→ **Data excerpts**:
..........
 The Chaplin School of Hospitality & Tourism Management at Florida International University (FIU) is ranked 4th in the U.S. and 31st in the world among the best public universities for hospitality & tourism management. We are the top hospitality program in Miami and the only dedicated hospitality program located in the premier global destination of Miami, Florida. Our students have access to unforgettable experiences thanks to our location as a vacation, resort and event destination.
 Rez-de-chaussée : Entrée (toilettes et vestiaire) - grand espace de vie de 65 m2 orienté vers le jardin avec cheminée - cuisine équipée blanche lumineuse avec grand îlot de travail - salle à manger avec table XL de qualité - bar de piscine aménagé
..........
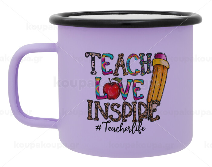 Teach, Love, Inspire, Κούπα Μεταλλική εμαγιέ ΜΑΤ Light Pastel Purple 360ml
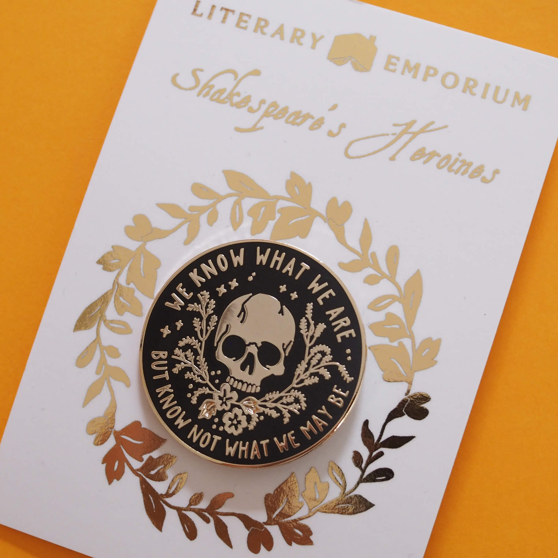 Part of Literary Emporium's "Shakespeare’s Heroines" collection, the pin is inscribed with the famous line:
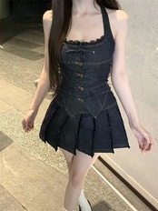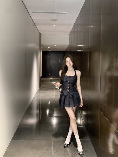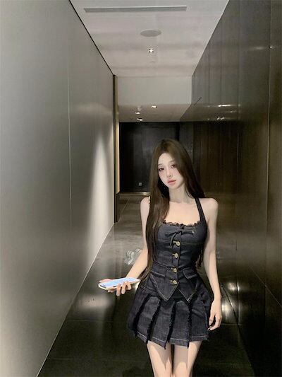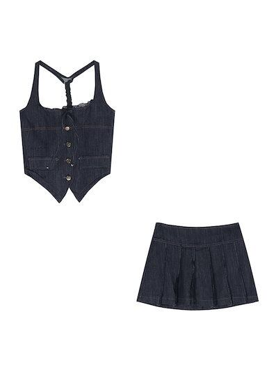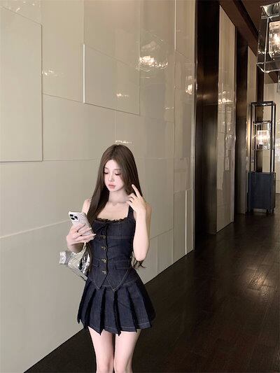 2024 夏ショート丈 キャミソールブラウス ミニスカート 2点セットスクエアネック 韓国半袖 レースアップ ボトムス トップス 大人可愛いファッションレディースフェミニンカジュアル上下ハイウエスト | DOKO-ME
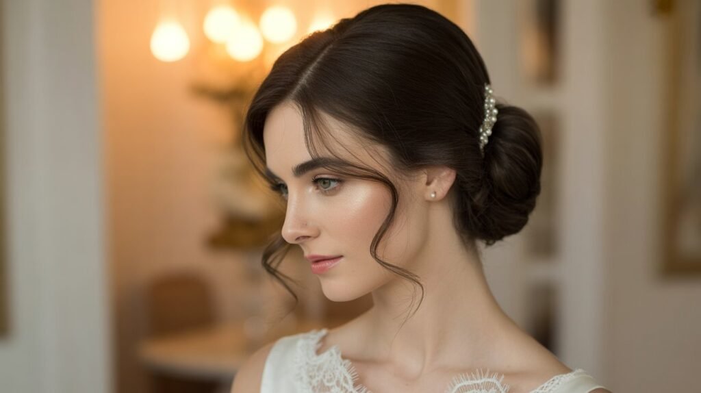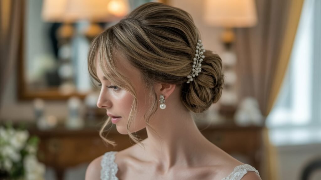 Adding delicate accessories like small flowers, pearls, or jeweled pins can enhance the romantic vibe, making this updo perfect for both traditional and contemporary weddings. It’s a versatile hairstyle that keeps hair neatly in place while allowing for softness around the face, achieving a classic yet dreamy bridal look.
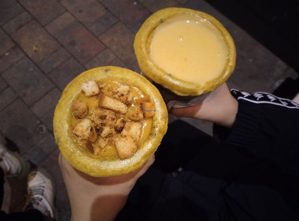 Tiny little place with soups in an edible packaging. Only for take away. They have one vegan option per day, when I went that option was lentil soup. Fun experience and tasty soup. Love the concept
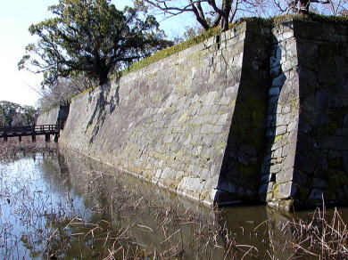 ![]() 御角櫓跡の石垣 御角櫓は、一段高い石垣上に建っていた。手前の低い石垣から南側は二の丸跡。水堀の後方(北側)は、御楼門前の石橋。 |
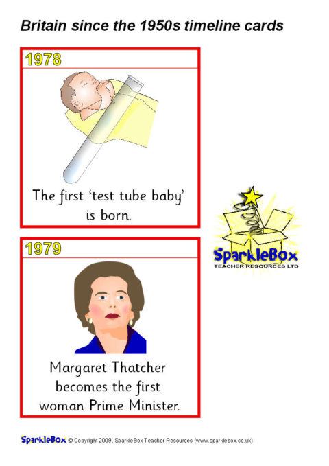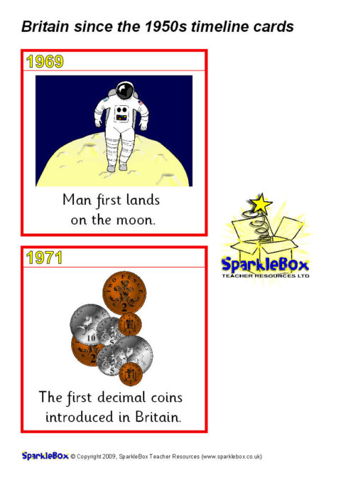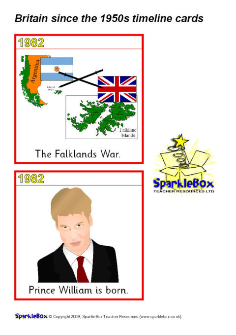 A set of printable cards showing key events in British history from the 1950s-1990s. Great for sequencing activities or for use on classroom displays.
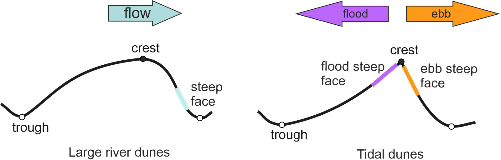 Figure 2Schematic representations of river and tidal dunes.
..........
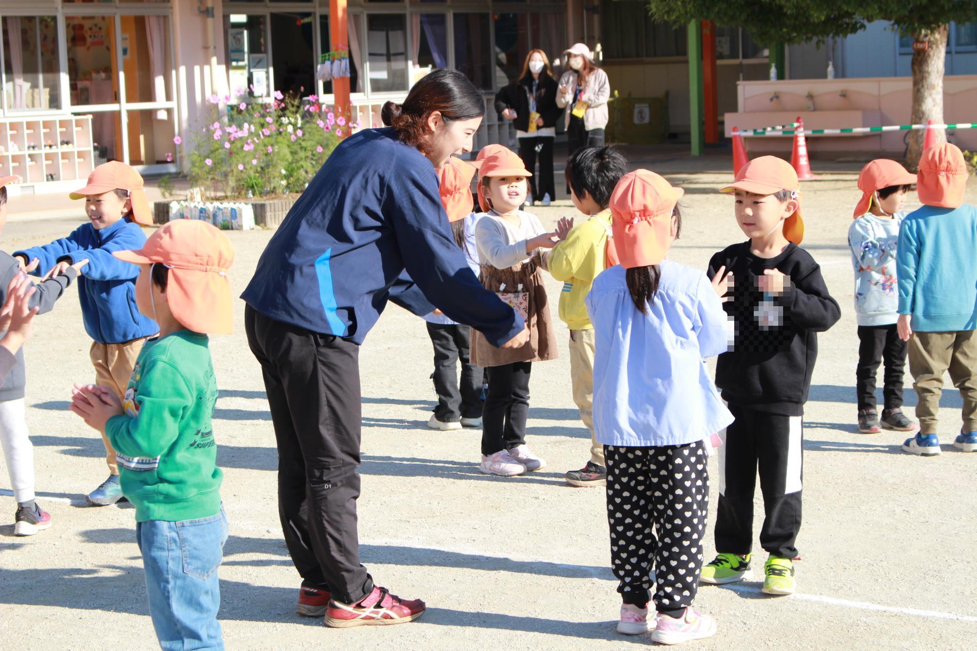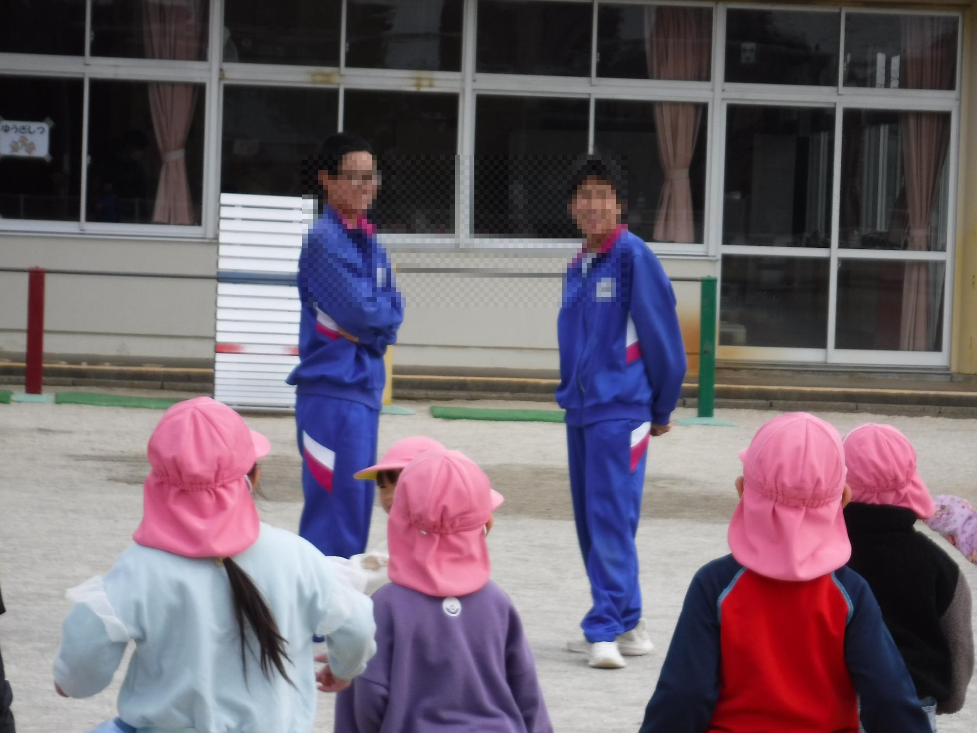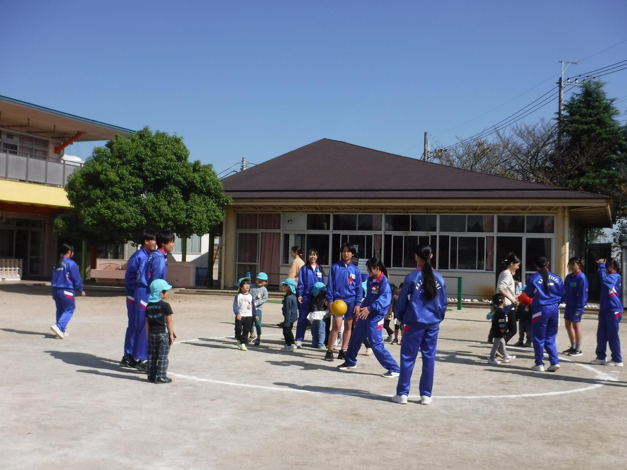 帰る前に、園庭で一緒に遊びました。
..........
→ **What you will do**: In the listing above, find the line containing "A set of printable" and the line containing "Figure 2Schematic representations of". Reproduce those lines and all between them exactly, with no pictures and nothing more.

→ **Solution to this task**:
 A set of printable cards showing key events in British history from the 1950s-1990s. Great for sequencing activities or for use on classroom displays.
 Figure 2Schematic representations of river and tidal dunes.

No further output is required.